The following repository contains the data and the code for the paper "Reports of personal experiences and stories in argumentation: datasets and analysis". [1]
The data used to train and test the models is stored in datasets
. All information about the datasets, annotation and structure can be found the datasets/readme.md
The simple classifiers (bag of words, random forest) can be found in baselines
.
To train and test a new model with BERT you can use the script bert_classifier.py
python bert_classifier source_folder result_folder temp_folder epochs gpu model_path --test
- source_folder: loads train.csv and val.csv from the given path
- result_folder: saves the trained model (metrics.pt and model.pt), results (classification_report.csv) and the predictions (predictions.csv with gold label, predicted label and class probabilities)

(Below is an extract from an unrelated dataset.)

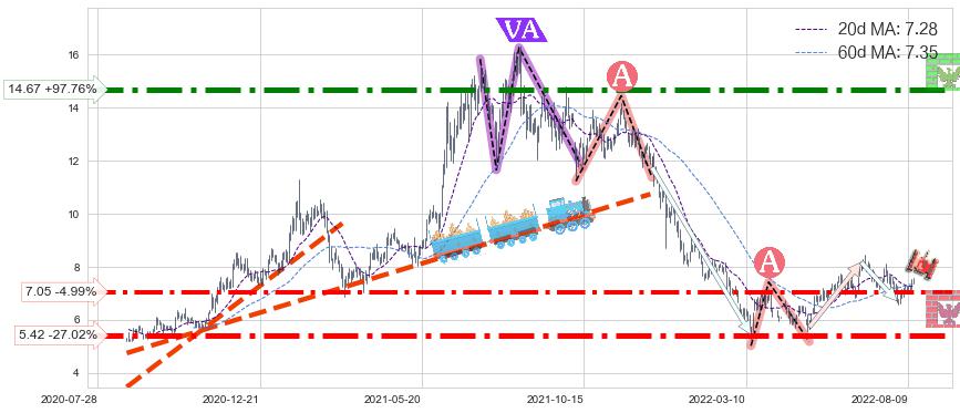 ➣ 【已确认突破】最后价格:7.42与最小【整理】第一目标价格→(2022-10-05: 14.25 )相较: 上涨空间【较大】

- temp_folder: saves a minimal file (train, val, test) as a tsv with only text and label
- max_seqlen: the maximum sequence length (default is 512)
- epochs: the number of epochs to train
- gpu: the GPU (no) to train on if trained on a GPU
- model_path: the LM name to load the pretrained LM to fine-tune
- bert-based transfomer model, e.g. bert-base-uncased
- --test: add this flag to create predictions for the test data
The domain-adapted versions of the language model are also available. For these, the underlying language model have been tuned on domain-specific data. Note that if you load these, you still need to fine-tune them on the classification task. To load them use the following names as model_path:
- falkne/bert-europarl-en link to hub
- falkne/bert-online-discussions-en link to hub
- falkne/bert-discussions-online-parliament-en link to hub
python bert_classifier.py datasets/splits/cmv_10splits/split0/ datasets/splits/cmv_10splits/split0/ tmp/ 125 tmp/ 5 0 "falkne/bert-europarl-en" --test
To use a trained model for inference you just need a dataset you want to create predictions for. The dataset should have a column-based format, the only required column is the one that stores the textual input. You can use the script bert_predict_storytelling.py to create predictions. Several fine-tuned classification models are made available via the hub. Alternatively you can first train your own model and use it for predictions. The following models can be used directly from the hub
- falkne/storytelling-europolis-en
- falkne/storytelling-regulationroom-en
- falkne/storytelling-change-my-view-en
- falkne/storytelling-mixed-domains-en*
- This model was trained on all three available datasets. It is the most robust model if you work with diverse domains.
- falkne/storytelling-LM-europarl-mixed-en
- this model was trained on all available datasets. the underlying LM was fine-tuned on europarl. This model got the best results in the paper.
For example you want to create predictions for CMV data, you also want to evaluate the model (possible if you have some gold labels) and you want to use the model trained on regulationroom:
python bert_predict_storytelling.py datasets/splits/cmv_10splits/split0/test.tsv "post_text" 512 "falkne/storytelling-regulationroom-en" test_results/ 0 --gold_label_col "label"
The code is based on the following packages (package versions)
- numpy 1.21.5
- pandas 1.3.5
- scikit-learn 1.0.2
- scipy 1.7.3
- sklearn 0.0
- torch 1.10.2+cu113
- torchaudio 0.10.2+cu113
- torchtext 0.11.2
- torchvision 0.11.3+cu113
- tqdm 4.62.3
- transformers 4.16.2
The data and the code for the linear regression analysis can be found in regression_analysis
.